Construction de la signification
L’image qui me vient à l’esprit est celle d’une balance ; imaginons que cette balance me serve à «peser» ma lecture.
Sur le plateau de gauche, je déposerais toute l’obéissance, tout le respect que je dois au texte et à son auteur. Cet homme ou cette femme a sélectionné des mots et pas n’importe lesquels ; il ou elle a choisi de les organiser en phrases selon des structures particulières ; il a décidé d’établir entre ces phrases des relations logiques et chronologiques significatives. Tous ces choix, fondés sur des conventions collectivement acceptées, constituent les directives que l’auteur a promulguées à mon intention dès l’instant où je me suis institué comme son lecteur. A ces directives, je dois infiniment de respect et d’obéissance.
Sur le plateau de droite, viendraient s’entasser mes intimes convictions, mes angoisses cachées, mes espoirs muets, mes expériences accumulées, parfois presque effacées. Tout ce qui fait de moi un être d’une irréductible singularité. Sur ce plateau, s’exercerait donc la pression d’une volonté particulière d’interpréter ce texte comme aucun autre lecteur ne l’interpréterait. Mes indignations ne sont pas celles d’un autre comme ne le sont pas mes enthousiasmes ni mes chagrins ; mes paysages ne ressemblent à aucun autre non plus que mes châteaux ; cette longue femme blonde dont je tombe amoureux au fil des pages n’appartient qu’à moi. Mais si, au fil des pages, c’est bien d’une femme blonde et élancée dont je rêve et non d’une petite brune boulotte, c’est parce que l’auteur a choisi d’utiliser les adjectifs qualificatifs « grande », « blonde » et « mince ». L’auteur tient ainsi la bride haute à mon imagination, il tient en laisse ma liberté de rêve.

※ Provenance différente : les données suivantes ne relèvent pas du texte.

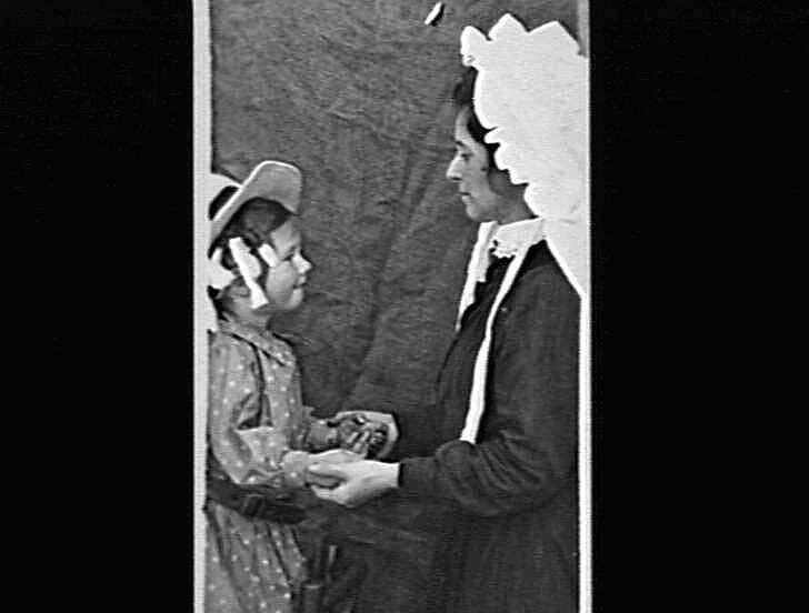Self portrait of Lilian Pitts with Dorothy. The young girl Dorothy has her curls tied with ribbons.

Tout déséquilibre pervertit l’acte de lecture. Lorsque le respect dû au texte se change en servilité craintive, au point que la compréhension même devient offense, s’ouvre le risque de ne donner à ce texte qu’une existence sonore en se gardant d’en découvrir ou d’en créer le sens. Mais lorsqu’au contraire, le texte n’est plus qu’un tremplin commode pour une imagination débridée, lorsque sont négligées par désinvolture ou incompétence les directives qu’il impose, on rend alors ce texte orphelin de son auteur ; on en trahit la mémoire ; on efface la trace qu’il a voulu laisser. Il faut d’ailleurs souligner que la grande majorité des jeunes en situation d’illettrisme ont une lecture qui contourne le texte et n’en fait qu’un prétexte à inventer un sens venu d’ailleurs ; ce constat donne à l’illettrisme une tout autre signification que celle qu’il aurait si il s’agissait d’un déchiffrage besogneux, syllabe après syllabe.